Exercise instructions
The whole listing below is to be copied exactly, with every picture left out.

Dataset extract
※

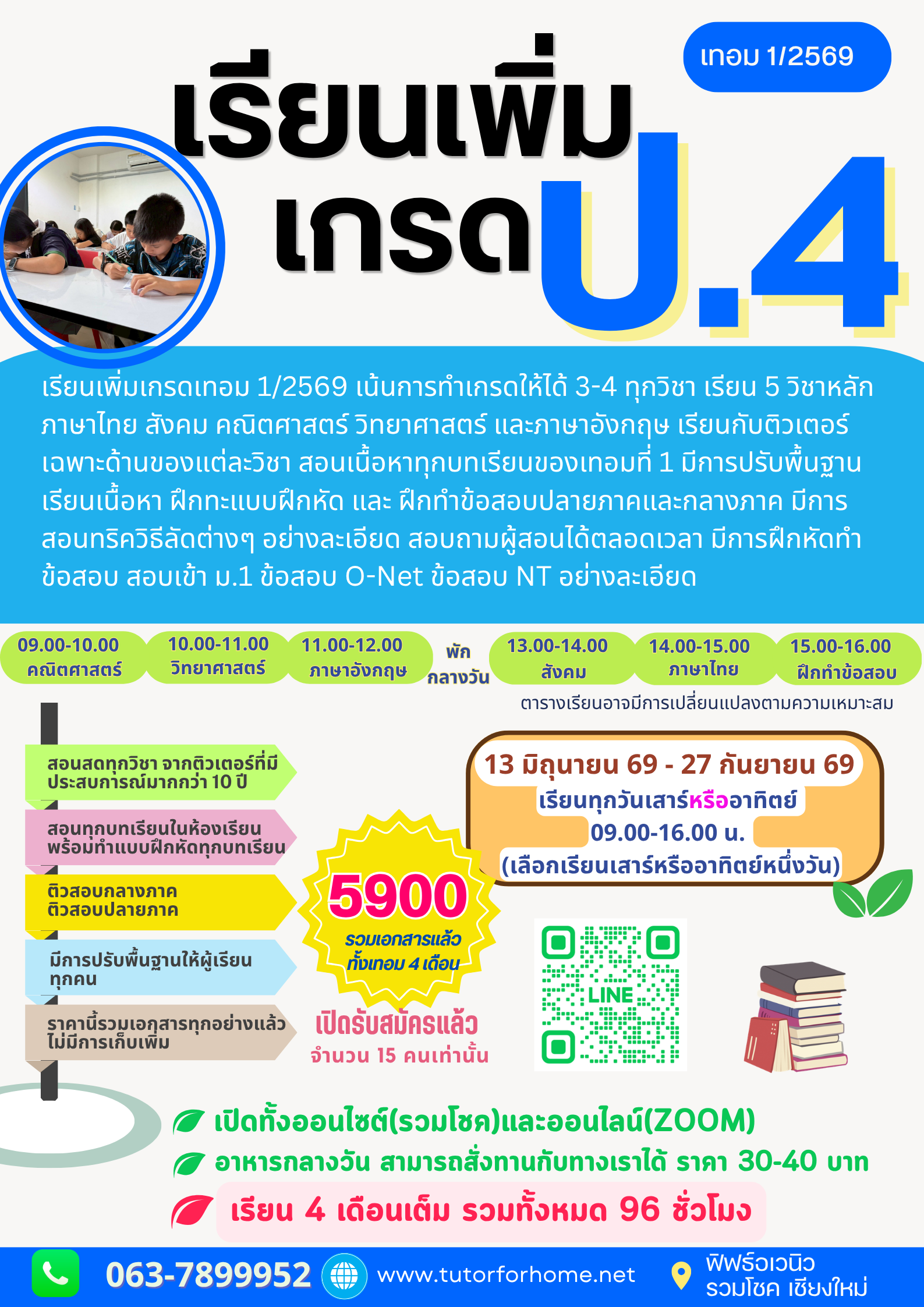 เรียนเพิ่มเกรด ป.4 เทอม 1/2569 เตรียมความพร้อมเพิ่มเกรดภาคการเรียน เทอม 1/2569 แบบทุกรูปแบบสอนเนื้อ หาทุก บทเรียน อย่างละเอียด สอนออนไลน์ผ่านระบบ Zoom หรือเลือกเรียน On-site จากติวเตอร์ระดับประเทศ สอบถามได้ตลอดเวลา มีการทำ แบบทดสอบหลังเรียนทุก บทเรียน พร้อมสอนทริค วิธีลัดต่างๆ ในการเรียน และการทำข้อสอบ อย่างละเอียด
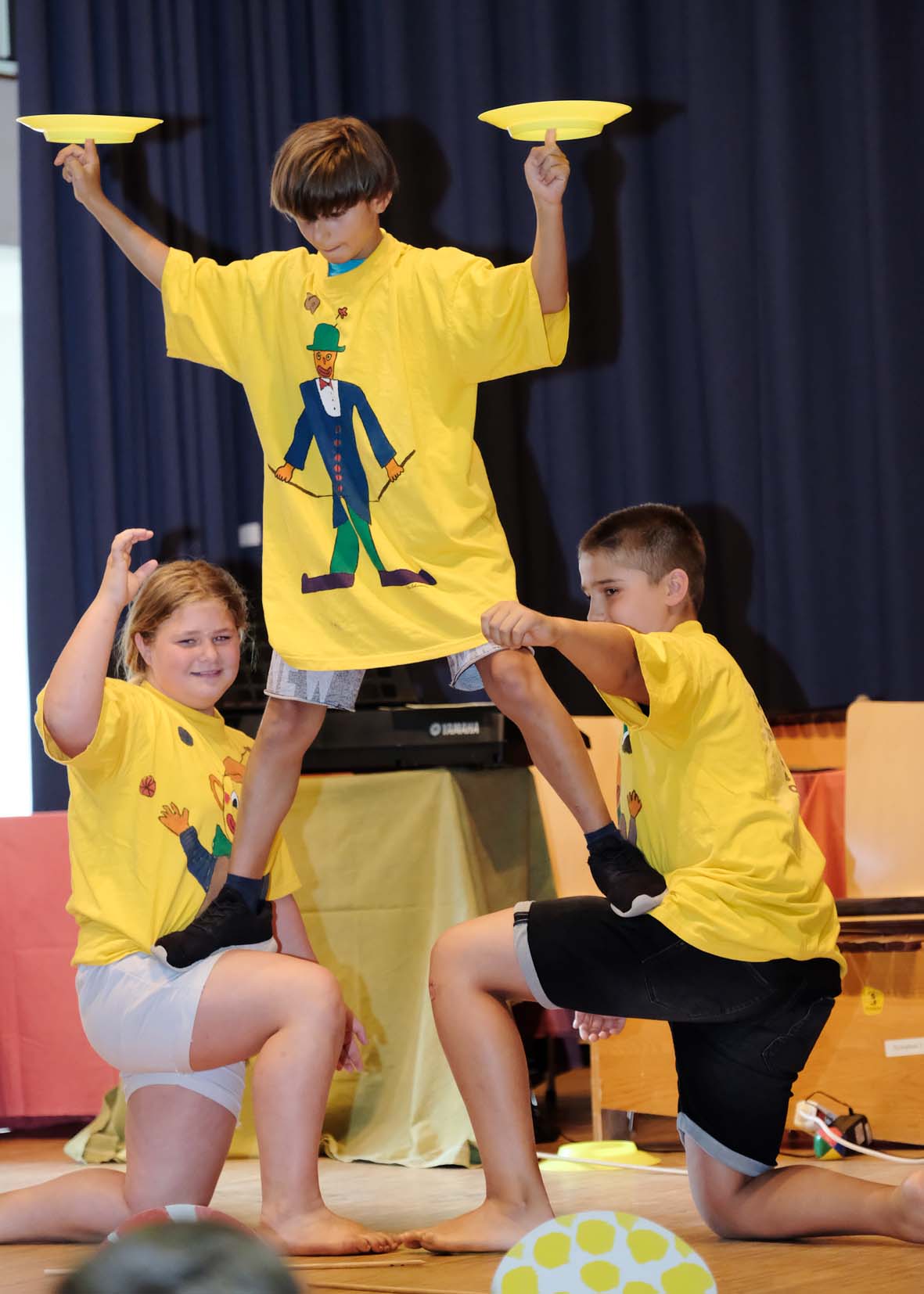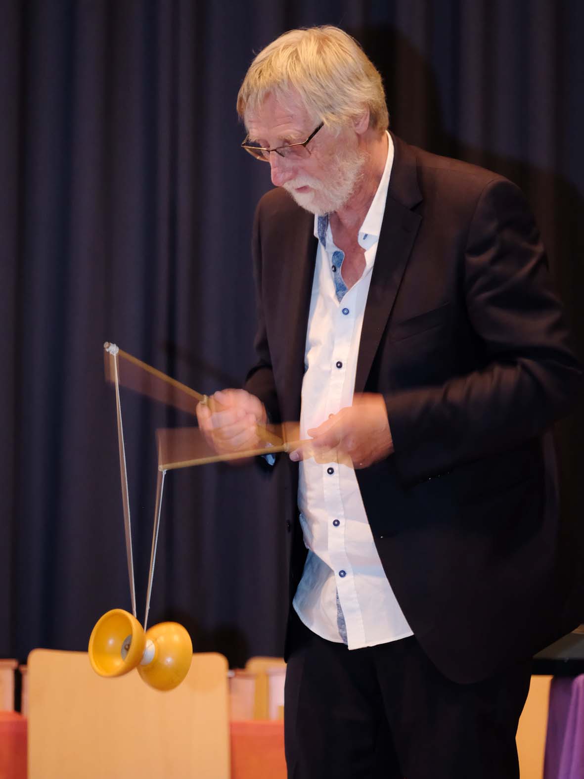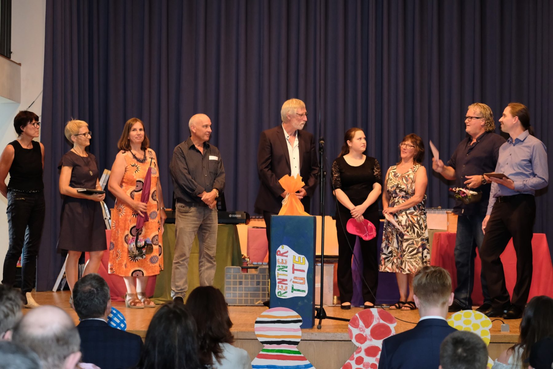 Die knapp zwei Stunden zuvor waren prall gefüllt mit Rückblicken, guten Wünschen in die Zukunft und Geschenken und natürlich hatten auch die Schülerinnen und Schüler des SBBZ jede Menge Unterhaltsames für ihren Schulleiter auf die Bühne gezaubert. Die »Orff Rock Allstars« bewiesen Rhythmusgefühl und der Zirkus Karambolage begeisterte das Publikum mit Akrobatik so mitreißend, dass der zu Verabschiedende selbst auf die Bühne kam und sein Können am Diabolo präsentierte. Es waren Feuerspucker und Fakire zu sehen, es wurden Balance-Akte und Jonglagen gezeigt.
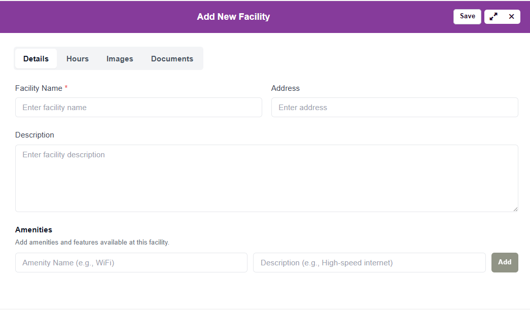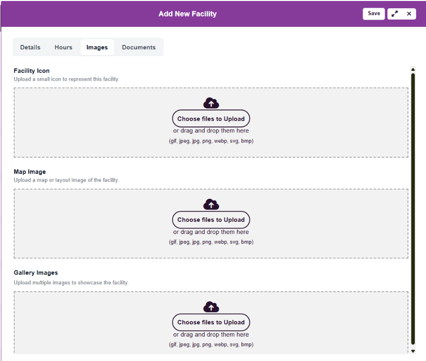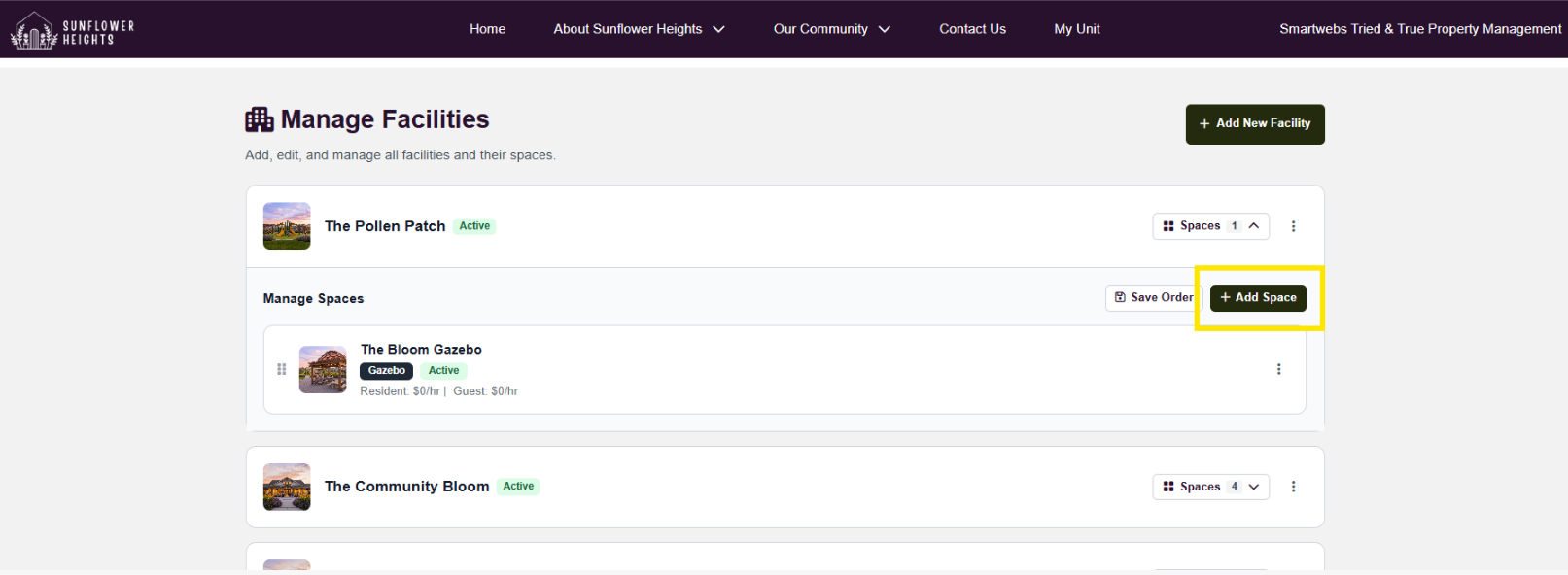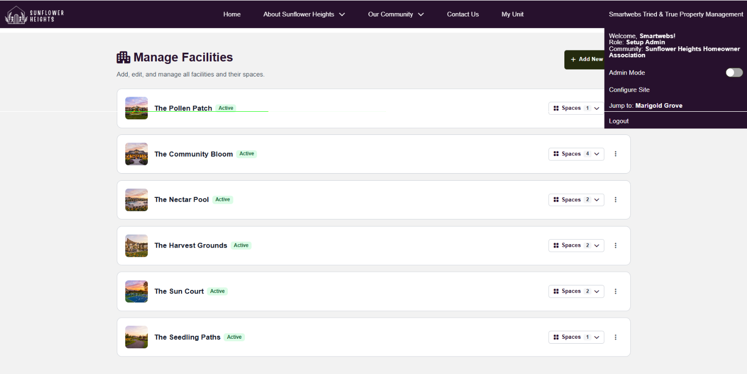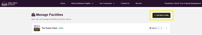 Facilities are the main locations where spaces exist (e.g., parks, clubhouses, courts). You will manage your facilites in the website (you will need to be logged into Smartwebs.)

※

Task output
 เรียนเพิ่มเกรด ป.4 เทอม 1/2569 เตรียมความพร้อมเพิ่มเกรดภาคการเรียน เทอม 1/2569 แบบทุกรูปแบบสอนเนื้อ หาทุก บทเรียน อย่างละเอียด สอนออนไลน์ผ่านระบบ Zoom หรือเลือกเรียน On-site จากติวเตอร์ระดับประเทศ สอบถามได้ตลอดเวลา มีการทำ แบบทดสอบหลังเรียนทุก บทเรียน พร้อมสอนทริค วิธีลัดต่างๆ ในการเรียน และการทำข้อสอบ อย่างละเอียด
 Die knapp zwei Stunden zuvor waren prall gefüllt mit Rückblicken, guten Wünschen in die Zukunft und Geschenken und natürlich hatten auch die Schülerinnen und Schüler des SBBZ jede Menge Unterhaltsames für ihren Schulleiter auf die Bühne gezaubert. Die »Orff Rock Allstars« bewiesen Rhythmusgefühl und der Zirkus Karambolage begeisterte das Publikum mit Akrobatik so mitreißend, dass der zu Verabschiedende selbst auf die Bühne kam und sein Können am Diabolo präsentierte. Es waren Feuerspucker und Fakire zu sehen, es wurden Balance-Akte und Jonglagen gezeigt.
 Facilities are the main locations where spaces exist (e.g., parks, clubhouses, courts). You will manage your facilites in the website (you will need to be logged into Smartwebs.)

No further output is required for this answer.